Sommerville's evidence does not as effectively support her argument for postbellum continuity, however. She primarily uses court documents to make her case about antebellum and Civil War rape trials, but for the later years she utilizes other types of evidence, such as sentencing records, changes in the law, and novels and newspaper accounts, as she explores the way changes in the law altered southern communities' responses to accusations. Sommerville claims that she will "deconstruct the rape myth of its political and cultural trappings" (p. 3). Ironically, her postbellum analysis depends on some of the same "cultural" evidence that she criticizes earlier historians for using in their analysis of antebellum rape cases.
The thirty-five-page appendix to Rape and Race in the Nineteenth-Century South includes a historiographical essay of the southern rape myth taken from Sommerville's 1995 Journal of Southern History article. While there is some new information contained in the essay, she repeats arguments that are made in the body of the book. Ideally, she would have integrated the historiography into the book's introduction, rather than elaborate on the scholarly foundations of her thesis at the completion of the narrative.
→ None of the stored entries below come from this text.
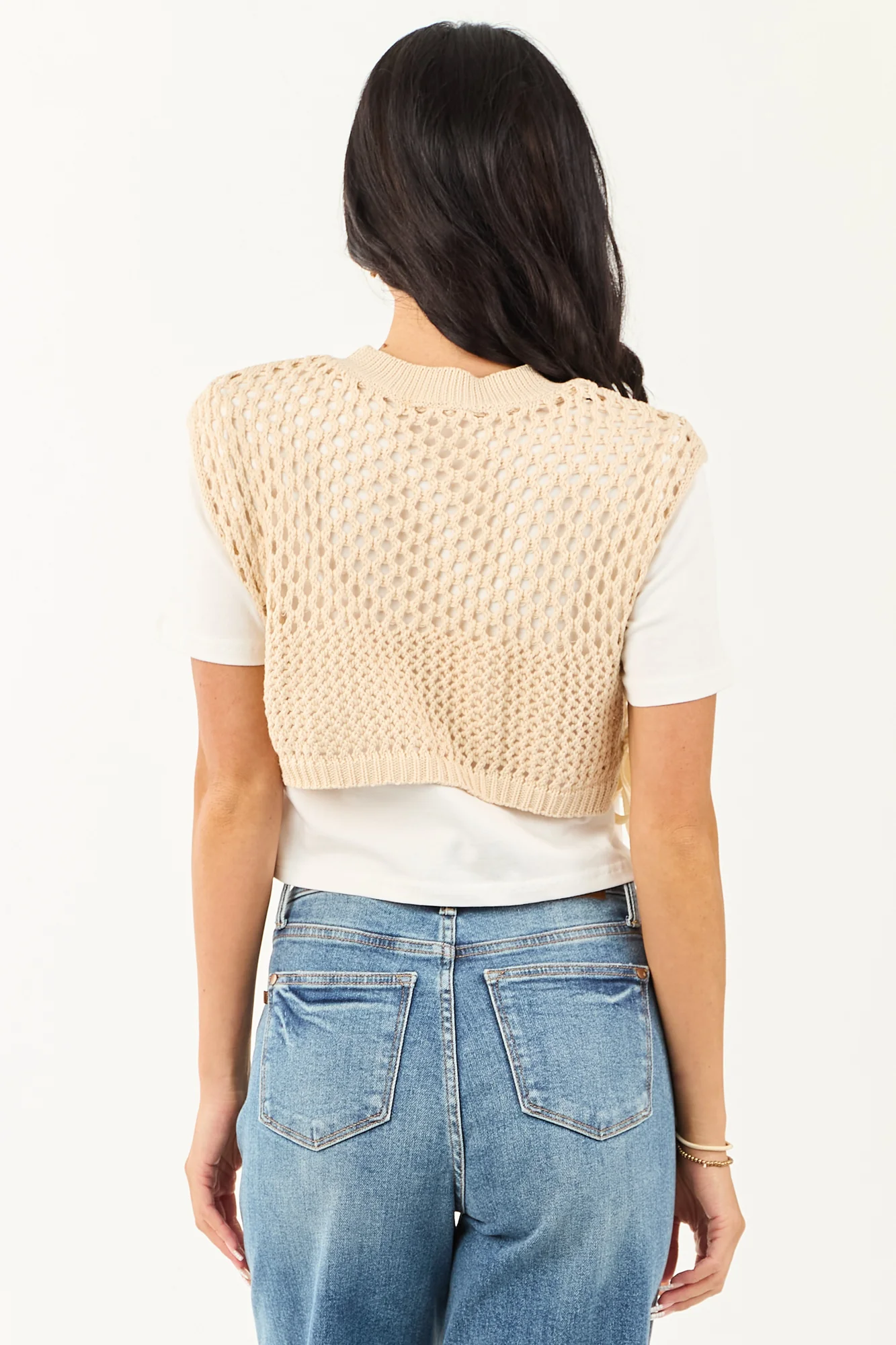 Elevate your style with our white crochet short sleeve crop top. Available in sizes S, M, and L with bust measurements of 36, 38, and 40. This top features a stretchy knit off-white undershirt with adjustable side ties for a customized fit. Made of 80% cotton and 20% polyester, it offers comfort and style in one. Perfect for summer, this top is a versatile addition to your wardrobe. Model is wearing a size Small. Model’s Profile: Size 1, Height 59, Bust 34, Waist 26.
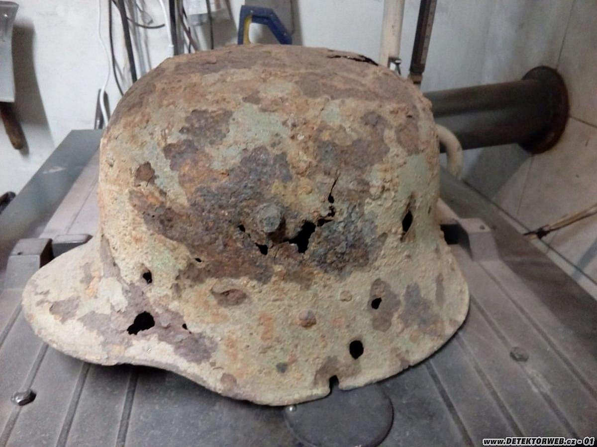04. 01. 2021, 19:08Ak je to hrdzavé miesto pod "výstupkom" nit na podbradník (je to zle vidieť), tak sa jedná o prilbu M17 rakúskej výroby (tzn. nemecký dizajn s rakúskou úpravou). Podľa presvitajúcej hráškovej farby by som tipoval prechodnú verziu pre Wehrmacht (podobnú mám v príspevku Rohatka III)
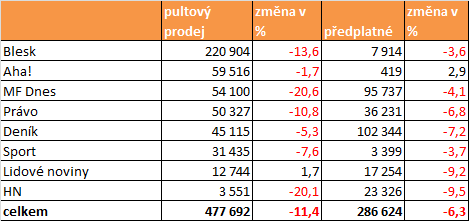 Nejlépe si v meziročním i meziměsíčním srovnání vedly Lidové noviny, které celkový prodaný náklad navýšily. K navýšení, které dosud táhly především tzv. elektronické verze, mírně pomohlo i zvýšení pultového prodeje (tedy prodeje v trafikách, supermarketech, benzínových pumpách atp.). Pultový prodej přitom českým deníkům klesá rychleji než předplatné a meziroční vylepšení bilance v pultovém prodeji je ojedinělé.
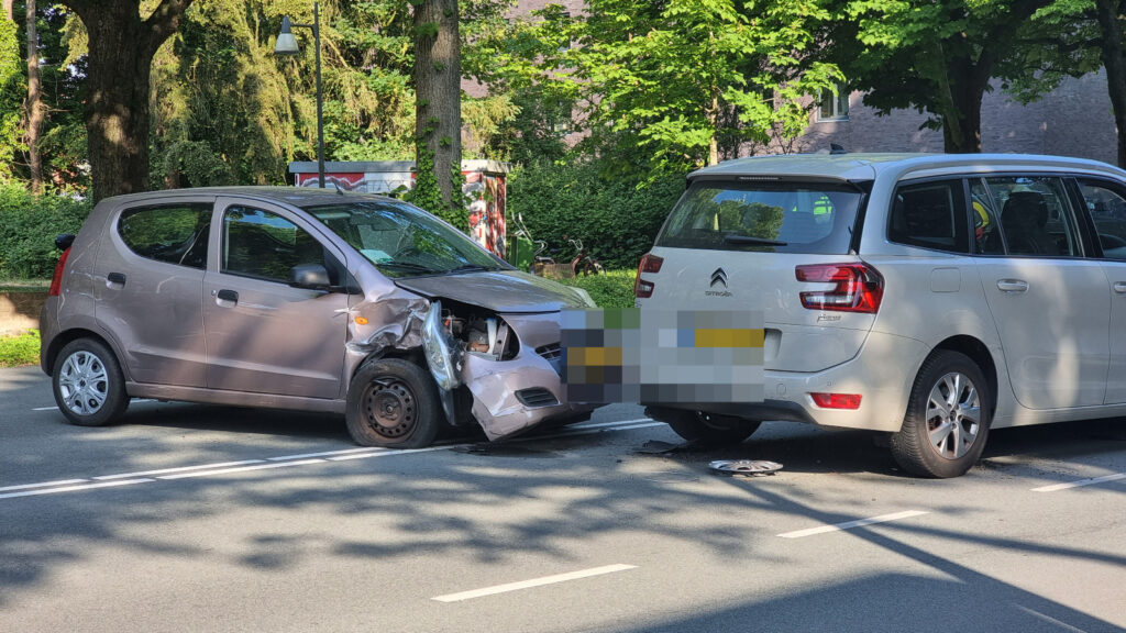 Twee auto’s zijn donderdagmorgen op de Verlengde Hereweg op elkaar geknald.
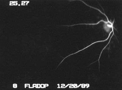 Abb. 13 Phase der Füllung der großen Aderhautgefäße (FLADOP, IOD = 68 mmHg) |
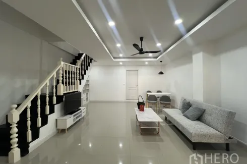 Move in to a bright 3-bedroom, 2-bath townhouse for rent in Khlong Toei, just moments from BTS On Nut. Offering 140 sq m of usable space on 23 sq wah of land (approx. 92 sq m or about 0.06 rai), this home features an open-plan living and dining area with cove lighting, ceiling fan and AC. A practical tiled kitchen provides ample counter space, cabinetry and a fridge, while a skylit stairwell connects to well-sized bedrooms and clean bathrooms with water heaters.
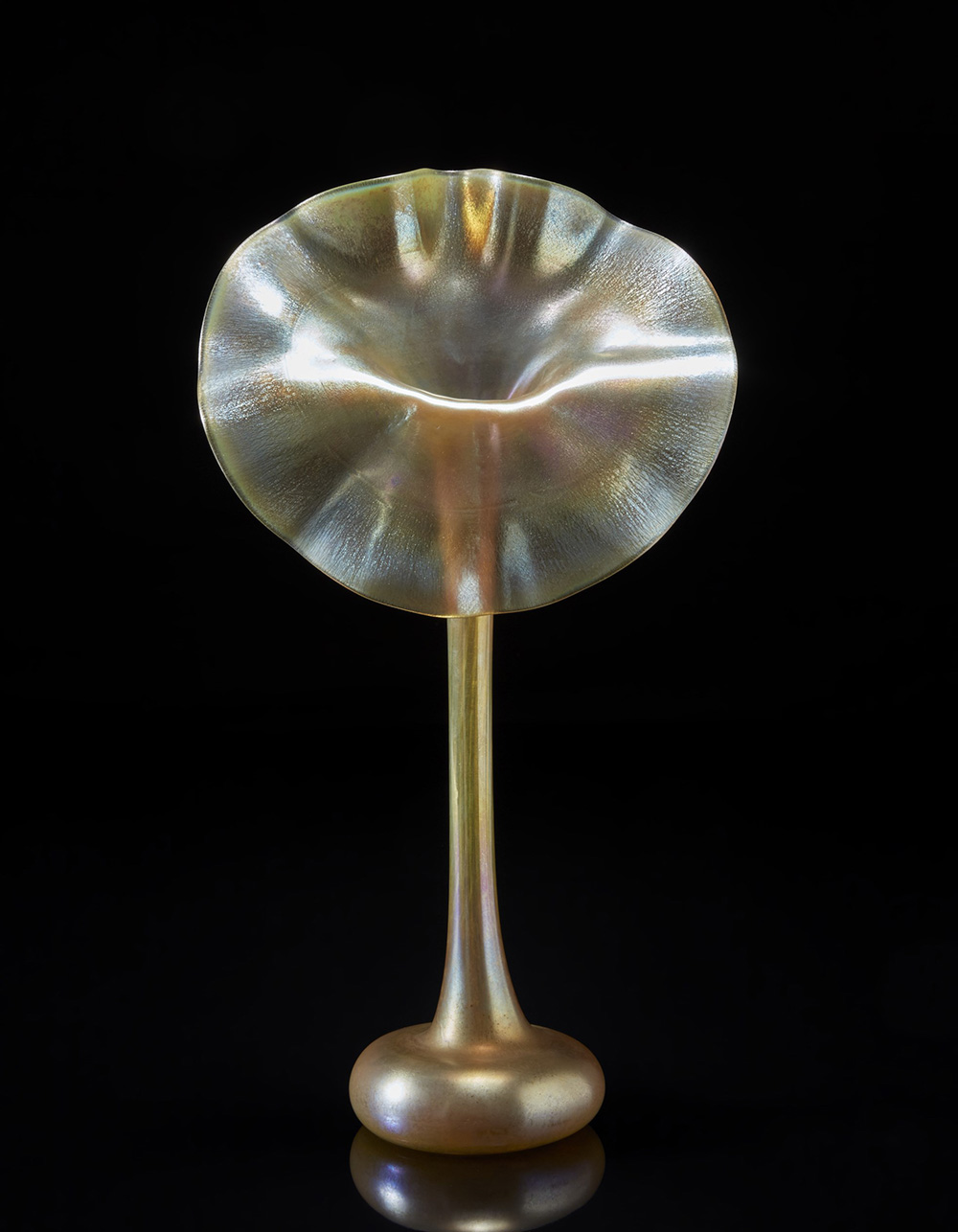 Vaso modello "Jack-in-the-pulpit" in vetro "Favrile". New York, inizi del sec. XX (h. cm 48). Firmato e numerato 7790C
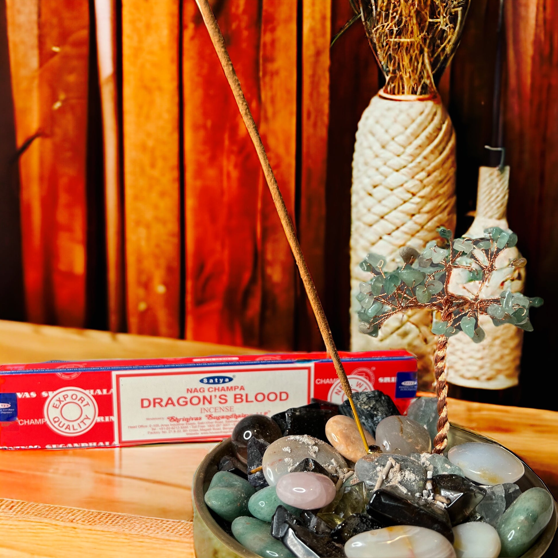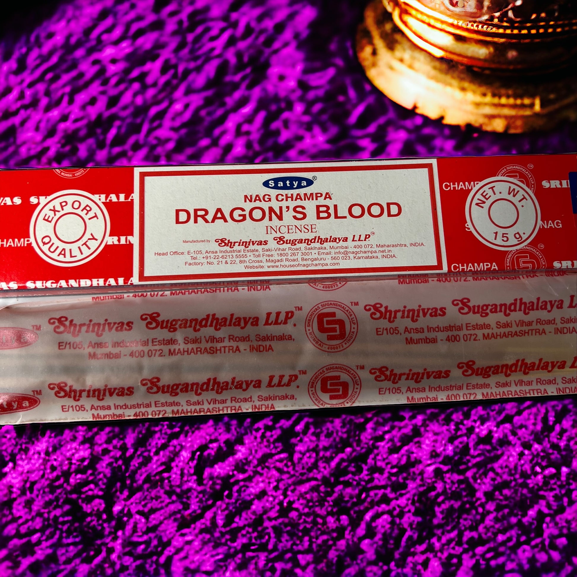 Dragon's Blood incense, crafted from the resin of diverse plants, exudes a robust and earthy scent when burned. Revered for its protective properties, this incense is believed to cleanse spaces from negativity, infusing an energetic shield. It's frequently used in spiritual practices to evoke courage, vitality, and a heightened spiritual connection.
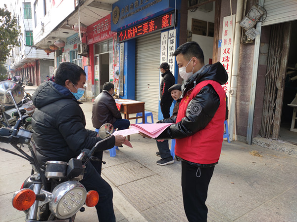 1月20日,古田县司法局凤都司法所工作人员前往凤都村、双珠村、洋头村开展“一起防疫”疫情防控志愿服务行动。
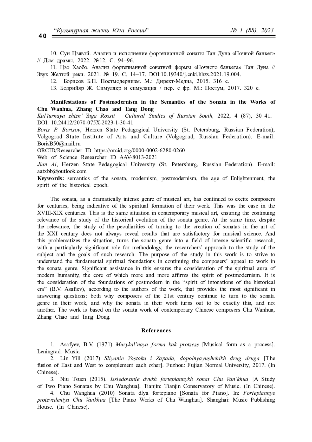 Постмодернизм, как адекватный нашей современности строй массового сознания, вполне характеризует не только области идеологии, политики, но также и сферу искусства, в частности – музыкального. Примером тому может служить сонатное творчество китайских композиторов Чу Ванхуа, Чжан Чао и Тан Дуна, исследование которого осуществляется в настоящей статье.
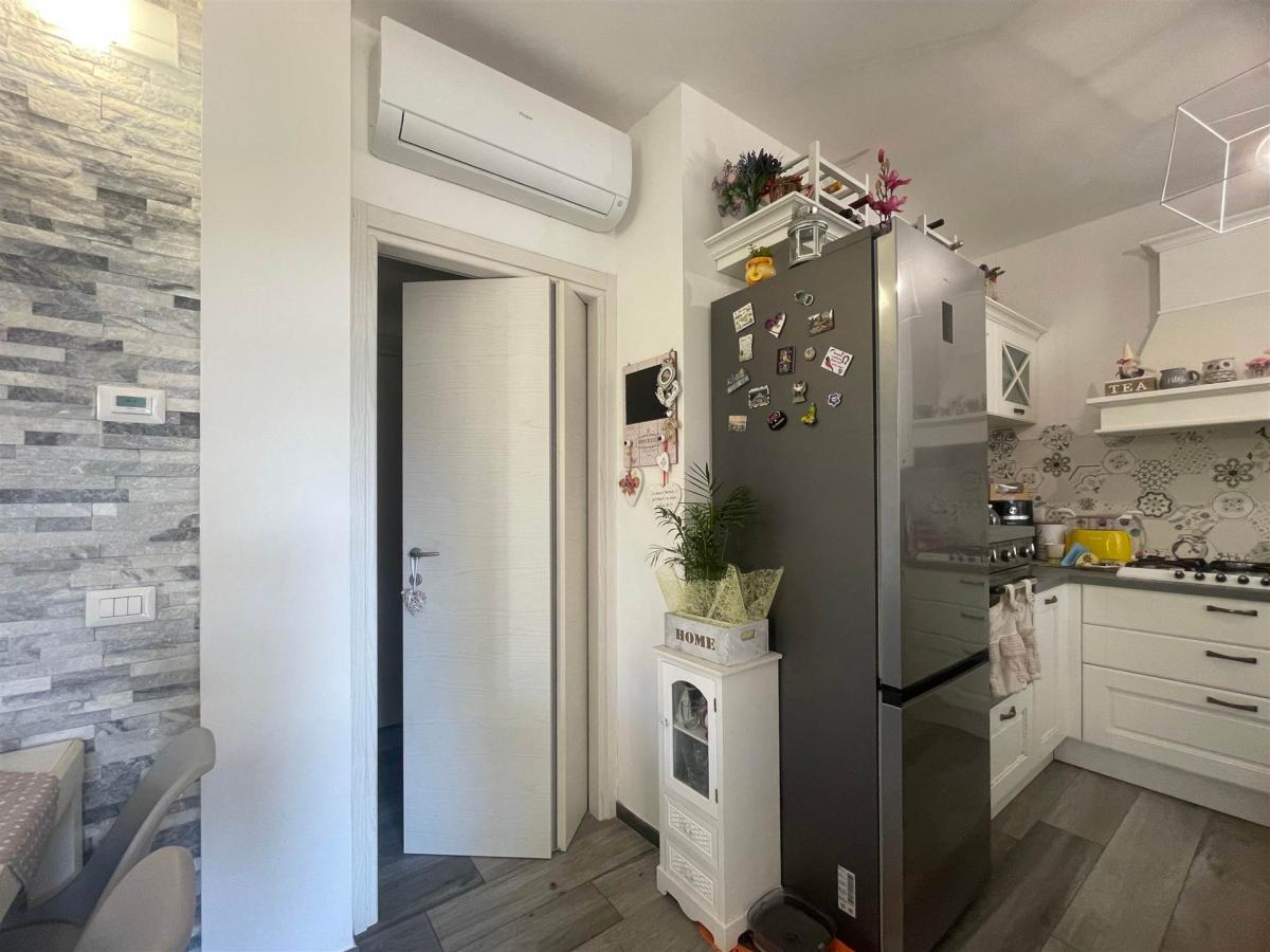 We are delighted to present this charming newly built apartment located on the ground floor of a semi-detached house in San Vincenzo, Livorno province. The property offers approximately 63 sqm of living space and is entirely detached on all four sides, ensuring maximum privacy and natural light throughout the day. The entrance is through a stylish gate and leads to a beautiful, well-maintained garden. A large porch welcomes you to the front door, opening into a bright and functional open-plan living room with a modern kitchen. The sleeping area includes two bedrooms: a master and a medium-sized room, both cozy and comfortable. The bathroom is windowed and features high-end finishes. The apartment boasts modern systems, including underfloor heating, thermal insulation, photovoltaic panels, and heat pumps, all contributing to excellent energy efficiency. This home is ideal for those seeking a modern, energy-efficient lifestyle, whether as a main residence or a seaside holiday home.

In the end, the strength of Sommerville's argument about the antebellum South outweighs any criticisms of her postbellum analysis. This ambitious and interesting book will force historians to rethink the roots of the rape myth and the solidarity of white southerners. In Sommerville's estimation, gender and class concerns were crucial factors in interracial rape cases. Perhaps most significant, she challenges scholars of the South to question the notion that southern racial and class relations were set in stone from the earliest years of colonial history and instead approach the study of the South as a series of contingencies. Sommerville asks her readers to imagine that the story of the relationship between black and white southerners might have gone down a different--and perhaps less violent--trajectory.
. Diane Miller Sommerville, "The Rape Myth Reconsidered," Journal of Southern History 61 (August 1995): 481-518.